HyDE (from Gao et al., 2022) generates a hypothetical answer to the query using the LLM, then embeds that hypothetical answer for retrieval. The hypothesis lives in the same embedding space as real documents — it is dense with relevant vocabulary — so similarity search finds better matches than the sparse, ambiguous original question.

from langchain_openai import ChatOpenAI
from langchain.prompts import ChatPromptTemplate

llm = ChatOpenAI(model="gpt-4o-mini", temperature=0)

# Generate a hypothetical answer
hyde_prompt = ChatPromptTemplate.from_template(
    "Write a short passage that would answer the following question. "
    "Do not say you don't know — write what such a passage might say.\n\n"
    "Question: {question}\n\nPassage:"
)

chain = hyde_prompt | llm

hypothetical_doc = chain.invoke({"question": user_query}).content

# Embed the hypothesis, not the original query
retrieval_embedding = embed_model.embed_query(hypothetical_doc)

# Use retrieval_embedding to search the vector store
candidates = vector_store.similarity_search_by_vector(
    retrieval_embedding, k=10
)

Step-Back Prompting

Specific questions often need broader context to answer well. “Why did the deployment fail on Tuesday?” requires understanding the deployment architecture. Step-back promptinggenerates a more abstract version of the query (“What are common causes of deployment failures in this system?”), retrieves against both the specific and abstract queries, and unions the results.

Multi-Query Decomposition

For complex questions that span multiple topics, generate several sub-queries, retrieve against each independently, and deduplicate the combined candidate set. This prevents single-query retrieval from missing half the relevant documents.

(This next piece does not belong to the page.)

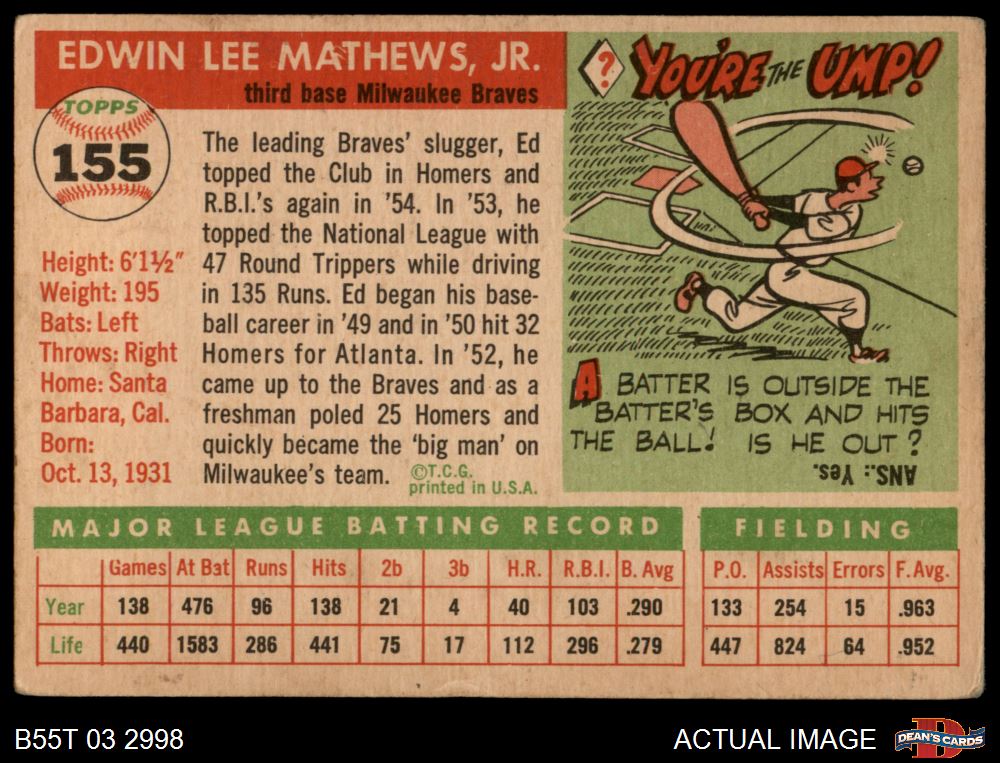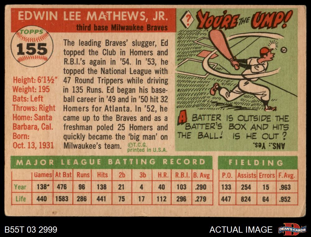 1955 Topps #155 Eddie Mathews

from langchain.retrievers.multi_query import MultiQueryRetriever

# LangChain automatically generates query variants and merges results
retriever = MultiQueryRetriever.from_llm(
    retriever=vector_store.as_retriever(search_kwargs={"k": 5}),
    llm=llm,
)

# The retriever internally generates ~3 query variants,
# retrieves for each, deduplicates, and returns the union
docs = retriever.invoke(
    "How does the rate limiter interact with the auth middleware?"
)

Reranking with Cross-Encoders

Bi-encoder retrieval (embedding query and document separately, comparing with cosine similarity) is fast but imprecise. It cannot model fine-grained token-level interactions between query and document. Cross-encoderssolve this: they take the (query, document) pair as joint input, attend across both, and produce a relevance score. They are 100× slower but dramatically more accurate.

The standard pattern is a two-stage pipeline: fast bi-encoder retrieval fetches 50-100 candidates; the cross-encoder reranks and returns the top 5-10. The generator only sees the reranked top-k, which is far more relevant than the raw retrieval output. SBERT cross-encoders and Cohere Rerank are both production-proven options.

from sentence_transformers import CrossEncoder
import numpy as np

# Load a cross-encoder model (runs locally)
reranker = CrossEncoder("cross-encoder/ms-marco-MiniLM-L-6-v2")

# Stage 1: Fast bi-encoder retrieval — get 50 candidates
candidates = vector_store.similarity_search(user_query, k=50)

# Stage 2: Cross-encoder reranking
pairs = [(user_query, doc.page_content) for doc in candidates]
scores = reranker.predict(pairs)          # shape: (50,)

# Sort candidates by cross-encoder score
ranked_indices = np.argsort(scores)[::-1]
top_chunks = [candidates[i] for i in ranked_indices[:6]]

# top_chunks is now much more precisely relevant
context = "\n\n---\n\n".join(c.page_content for c in top_chunks)

Note

Reranking adds 200-800ms latency per query depending on model size and candidate count. For latency-sensitive applications, use Cohere Rerank or a distilled cross-encoder like ms-marco-MiniLM-L-6-v2 (6 layers, fast on CPU) rather than a full BERT-large cross-encoder.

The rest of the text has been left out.